TASK REQUIREMENTS: Skip every picture, and copy exactly the lines from the one containing "CHP'yi topluca şaibe" to the end of the data.

▶

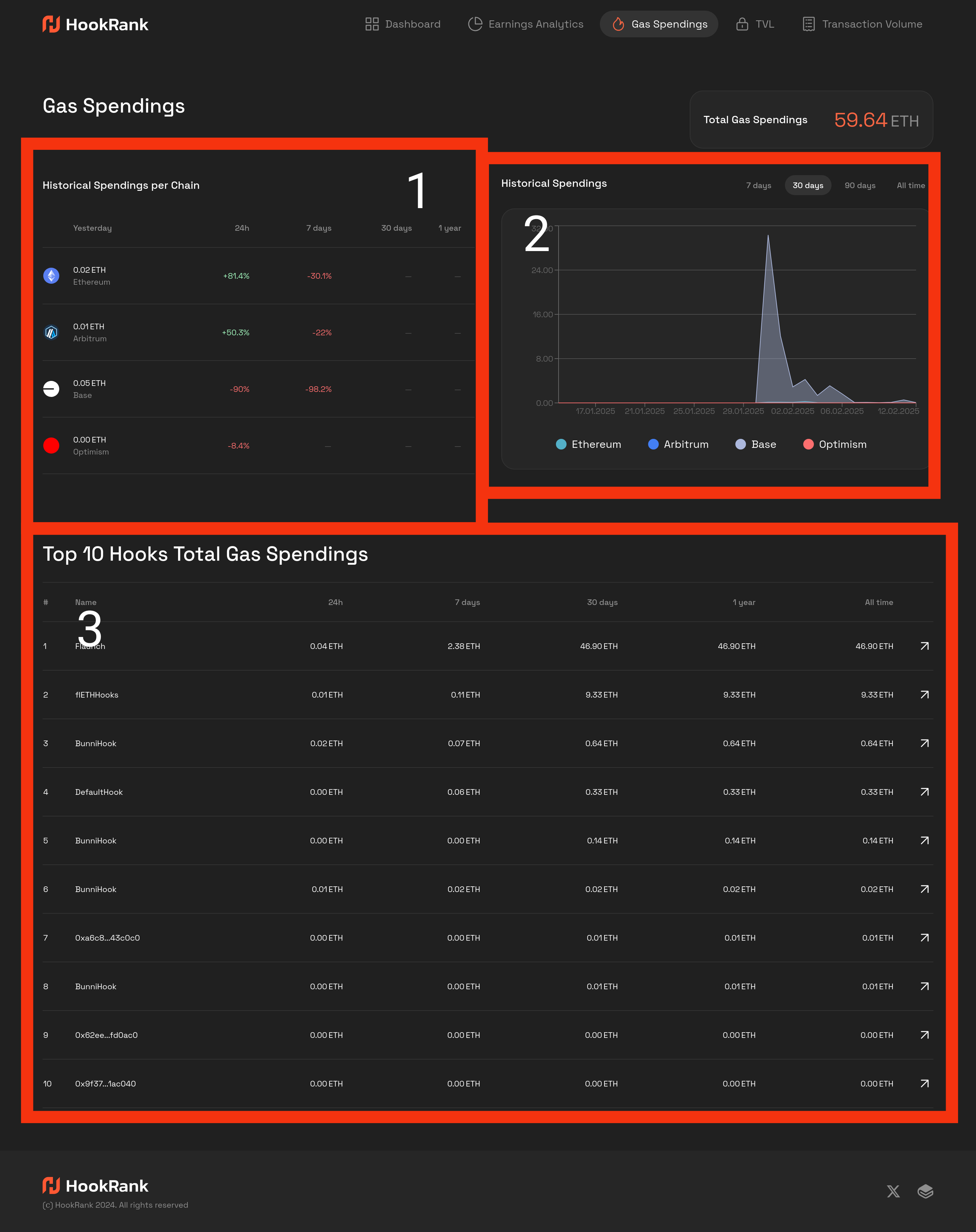 Gas Spendings in HookRank delivers an in-depth analysis of the gas fees associated with hooks across multiple chains. This feature allows developers and users to monitor and evaluate the gas costs incurred by their hooks, providing a clear view of expenses related to transaction execution.
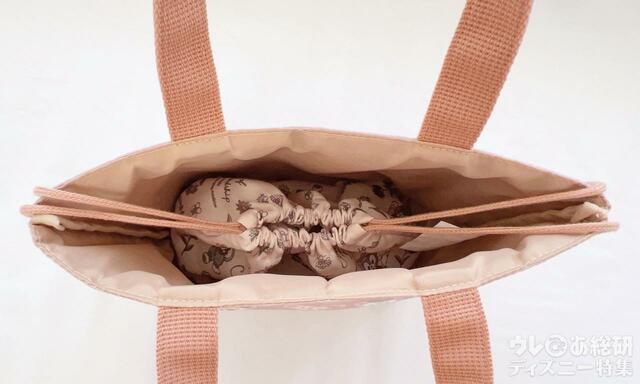 持ち手はくすみピンク、本体はモカ地に表にはメインアート。
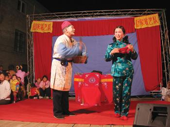 阮企德说,解放前奉化西坞金家堰有个吴小山家庭曲艺班,逢年过节常到江口阮家和陡门桥一带演出,曲艺班演到哪村他就跟到哪村。后来,他和曲艺班的人熟了,就开始学唱滩簧。
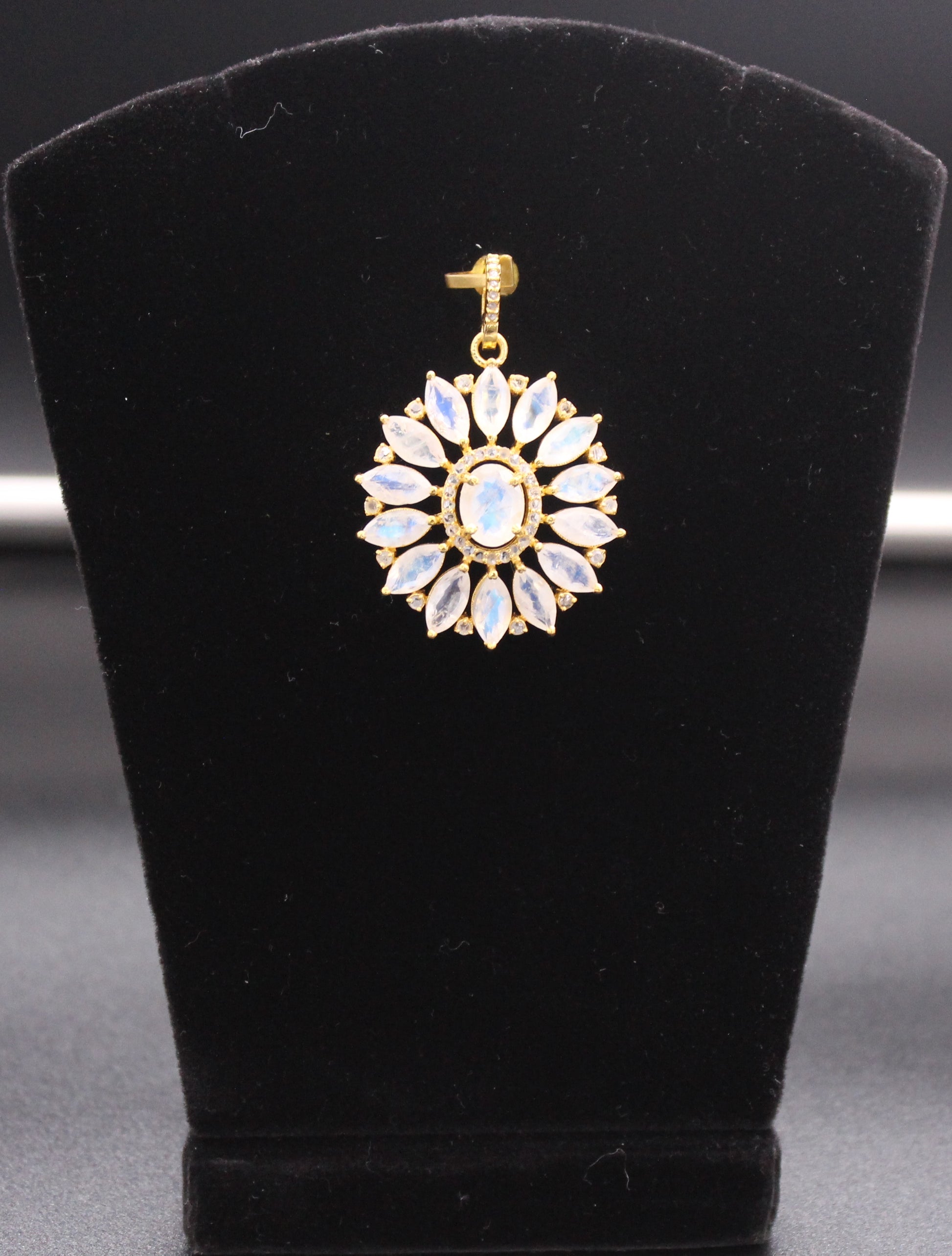 Flower Diamond & Moon Stone Pendant in Gold Rodium & Antique look set in Sterlivg Silver
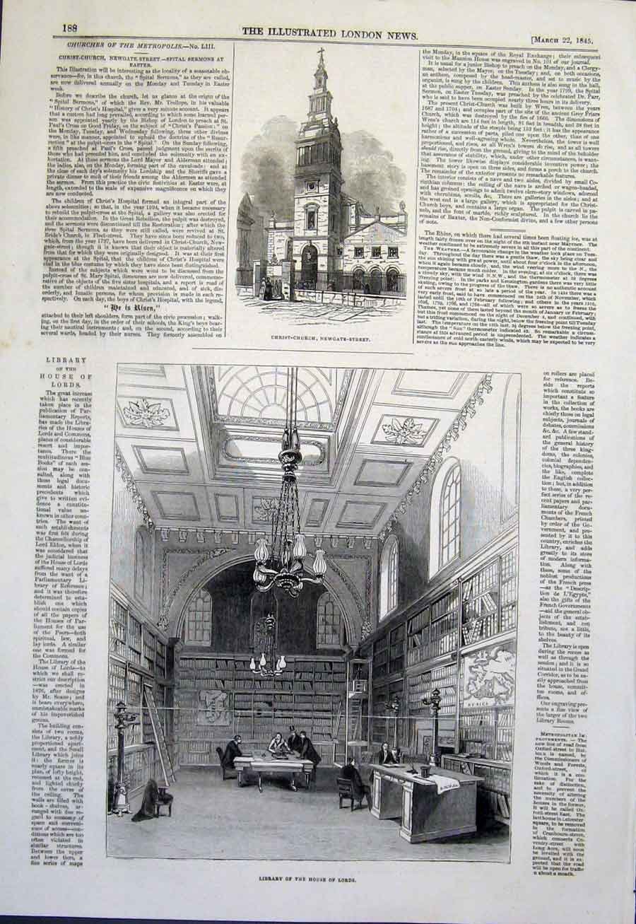 Seigneurs Print de Chambre de Biblioth?que de Rue de Newgate d'?glise du Christ? Old Antique Historical Victorian Prints Maps and Historic Fine Art ----------. Christ Church Newgate Street Library House Lords Print Page From An Issue 1845 . The Illustrated London News . These Wood Engravings From Sketches, Or Early Photographs Would Make An Ideal Gift For Christmas Or Birthday . The Actual Date Is Printed On Each Page . This Engraving Is Over 150 Years Old. And Is Not A Modern Copy. These Images Are Scanned At Low Resolution For Quick Uploading And Are Much Better Than The Scanned Image.. Size Of Print Is Approx ( injcluding margins as shown ) 14" X 9.1/2" If It Is Shown As Whole Page, Or Prorata.. Approx ( injcluding margins as shown ). Page Size = 16" High X 11" Wide. Ready To Matt And Frame. These Old Prints Really Look Great With Matt And Framed. . Note This Print Is From A Periodical And Has Printing On Reverse.
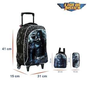 Kit Mochila Escolar Infantil DC Batman Liga da Justiça Com Rodinhas, acompanha lancheira e estojo. Agora você pode levar sua mochila do Batman no seu dia a dia ou acompanhar você na escola. Possui alça de mão reforçada. Sua abertura maior se dá por zíper com puxador. Na parte de dentro possui amplo espaço para a guardar diversos materiais como cadernos, livros e estojos. Na parte da frente, possui bolso com zíper para a guardar pertences de menor tamanho, e bolsos laterais. Características: Especificações: - Alça superior - Estampa no bolso frontal - Puxador retrátil- Zíper metálico- Bolso Lateral Medidas Lancheira: - Altura: 22cm- Largura: 22cm Medidas Estojo: - Altura: 10cm- Largura: 23cm Medidas Mochila: - Altura: 41cm- Largura: 15cm- Comprimento: 31cm Dúvidas Frequentes:1. A mochila possui rodinhas em siliconeR. Sim, ela possui rodinhas em silicone transparente. 2. Ela possui alça retrátilR. Sim, ela possui alça retrátil para ocupar menos espaço. 3. Ela possui quantas divisõesR. Ela possui 02 divisões para guardar suas coisas. 4. Qual o material da mochilaR. Ela é feita em poliéster e plástico. Tags:Mochila, escola, escolar, meninas, meninos, infantil, rodinha, material, personagem, batman, dc, herói, liga da justiça, batcaverna, batmovel, ghotam. Marca: Toys 2U
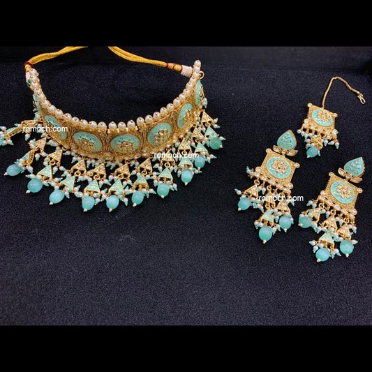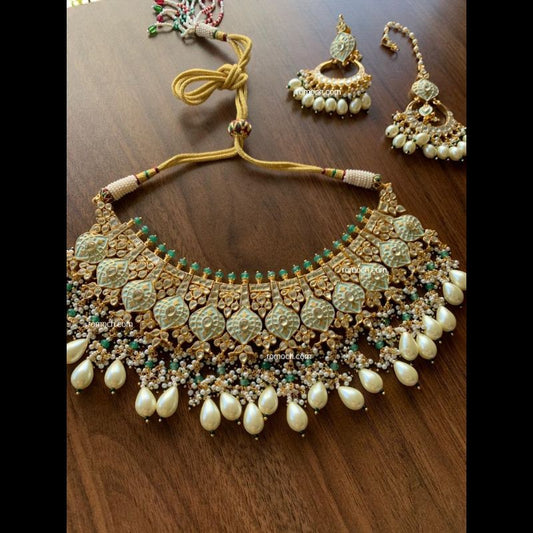 Mint green meenakari Kundan choker necklace with earrings and tikka
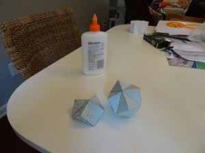 If you have left over paper with interesting colors or designs, this is a great way to turn it into a cool project. This project makes a nice finished decorative form. It has 24 different surfaces that can be decorated or to which a message can be added. They are sturdy enough to use as a throw- and- catch ball as well.
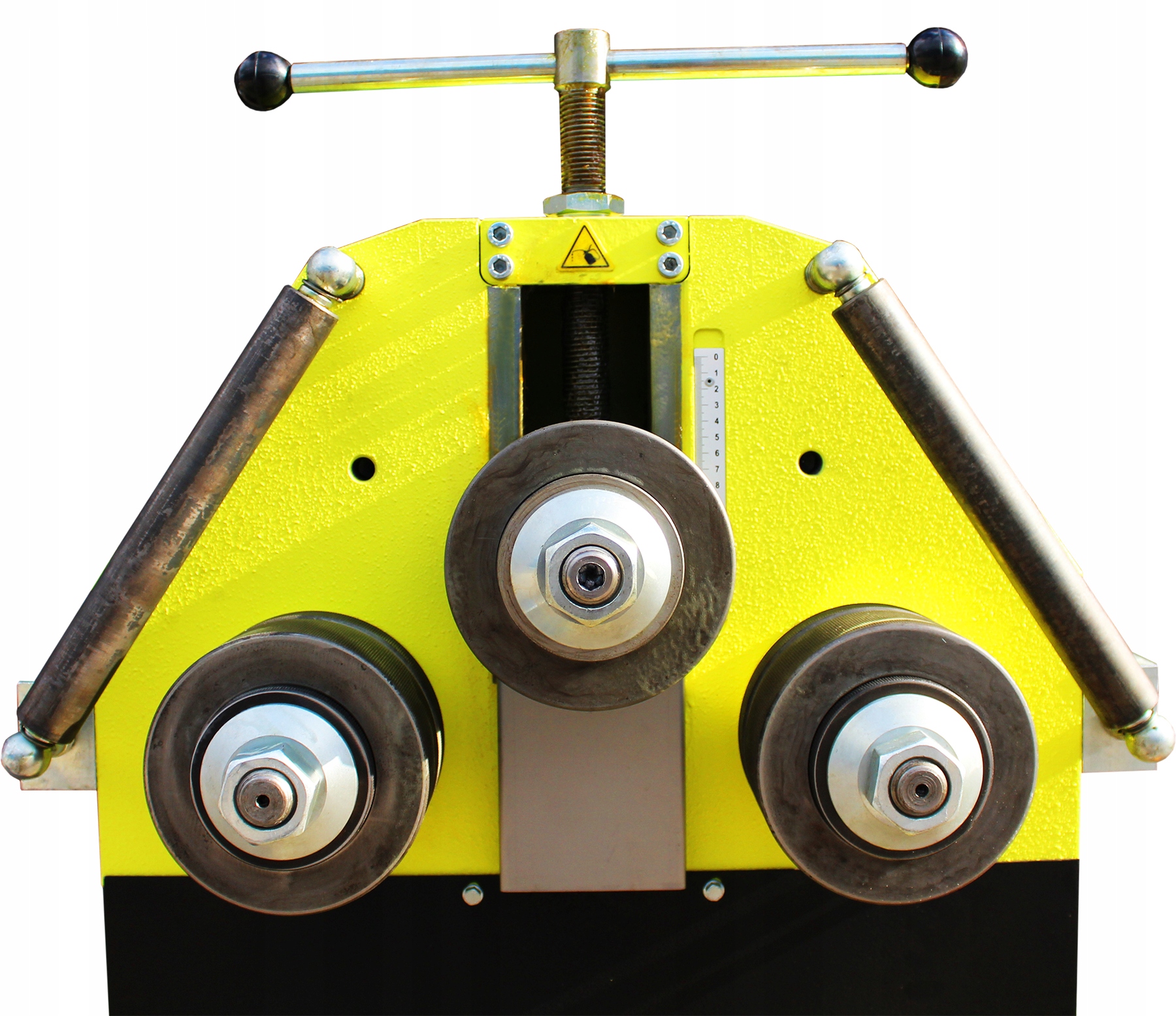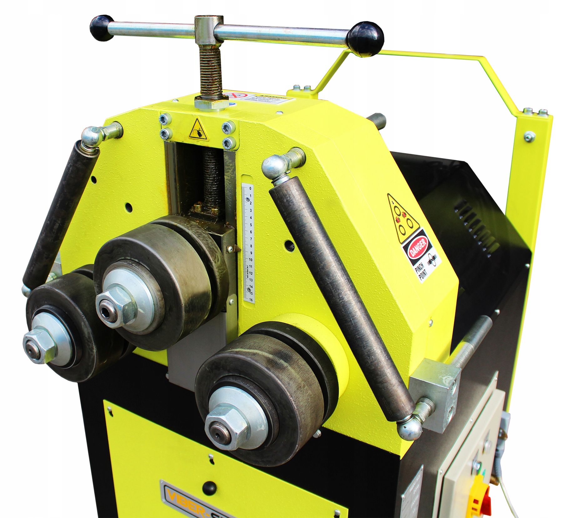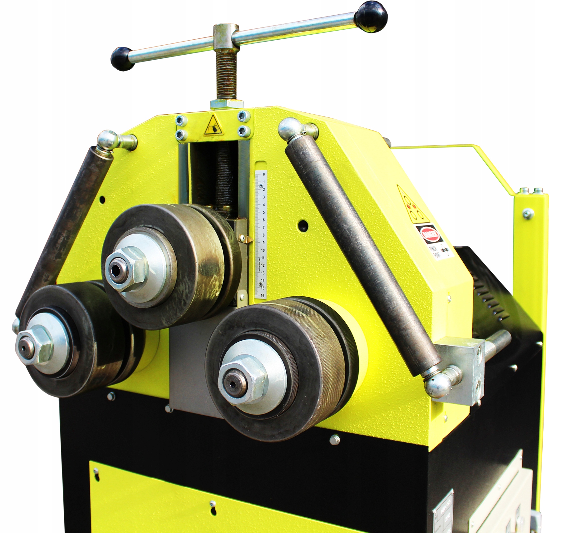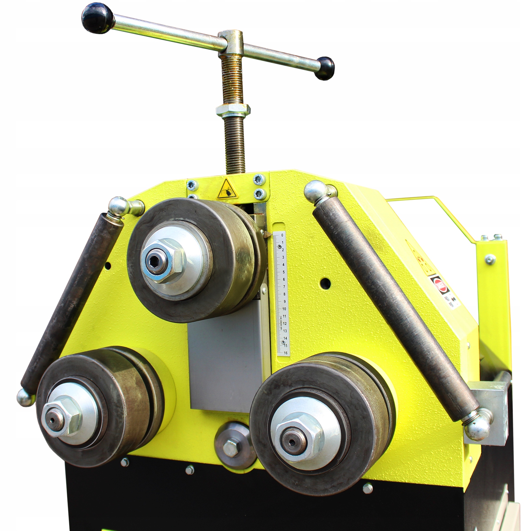 Ця машина додатково оснащена механічним тиском верхнього ролика, що дає нам чудове рішення для згинання дуг, кіл, спіралей тощо.
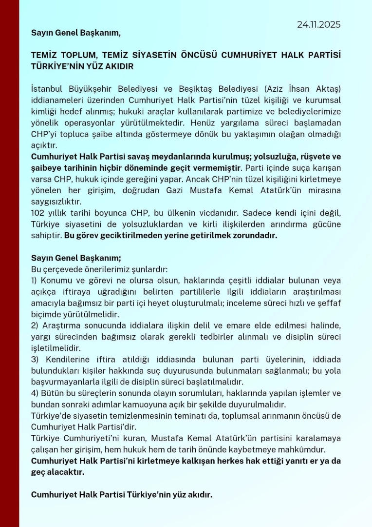 CHP'yi topluca şaibe altında göstermeye dönük bu yaklaşımın olağan olmadığı açıktır. Cumhuriyet Halk Partisi savaş meydanlarında kurulmuş; yolsuzluğa, rüşvete ve şaibeye tarihinin hiçbir döneminde geçit vermemiştir. Parti içinde suça karışan varsa CHP, hukuk içinde gereğini yapar. Ancak CHP'nin tüzel kişiliğini kirletmeye yönelen her girişim, doğrudan Gazi Mustafa Kemal Atatürk'ün mirasına saygısızlıktır. 102 yıllık tarihi boyunca CHP, bu ülkenin vicdanıdır. Sadece kendi içini değil, Türkiye siyasetini de yolsuzluklardan ve kirli ilişkilerden arındırma gücüne sahiptir. Bu görev geciktirilmeden yerine getirilmek zorundadır."
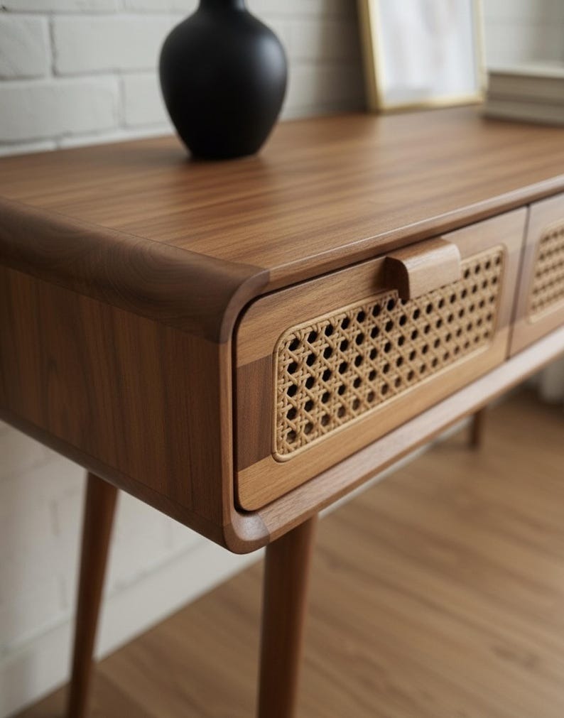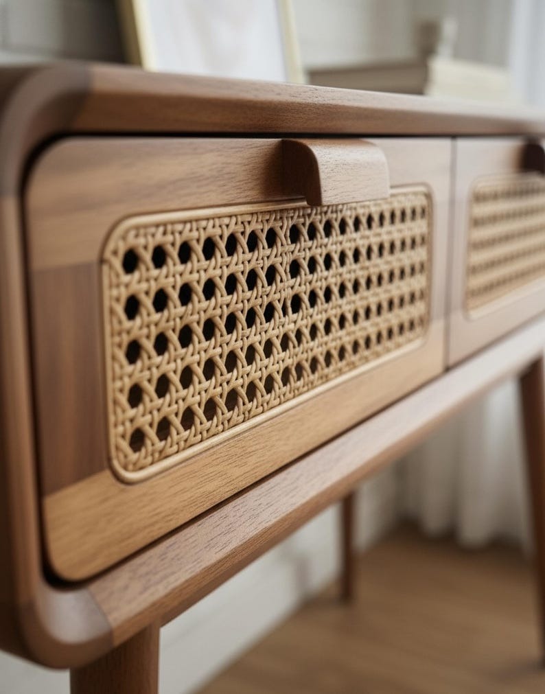 Handcrafted from premium solid wood, this mid-century console table blends natural rattan cane drawers with a smooth natural finish. Each piece is crafted by local artisans using traditional techniques, creating a warm organic texture that brings elegance to any space.

◀

WRITTEN ANSWER:
 CHP'yi topluca şaibe altında göstermeye dönük bu yaklaşımın olağan olmadığı açıktır. Cumhuriyet Halk Partisi savaş meydanlarında kurulmuş; yolsuzluğa, rüşvete ve şaibeye tarihinin hiçbir döneminde geçit vermemiştir. Parti içinde suça karışan varsa CHP, hukuk içinde gereğini yapar. Ancak CHP'nin tüzel kişiliğini kirletmeye yönelen her girişim, doğrudan Gazi Mustafa Kemal Atatürk'ün mirasına saygısızlıktır. 102 yıllık tarihi boyunca CHP, bu ülkenin vicdanıdır. Sadece kendi içini değil, Türkiye siyasetini de yolsuzluklardan ve kirli ilişkilerden arındırma gücüne sahiptir. Bu görev geciktirilmeden yerine getirilmek zorundadır."
 Handcrafted from premium solid wood, this mid-century console table blends natural rattan cane drawers with a smooth natural finish. Each piece is crafted by local artisans using traditional techniques, creating a warm organic texture that brings elegance to any space.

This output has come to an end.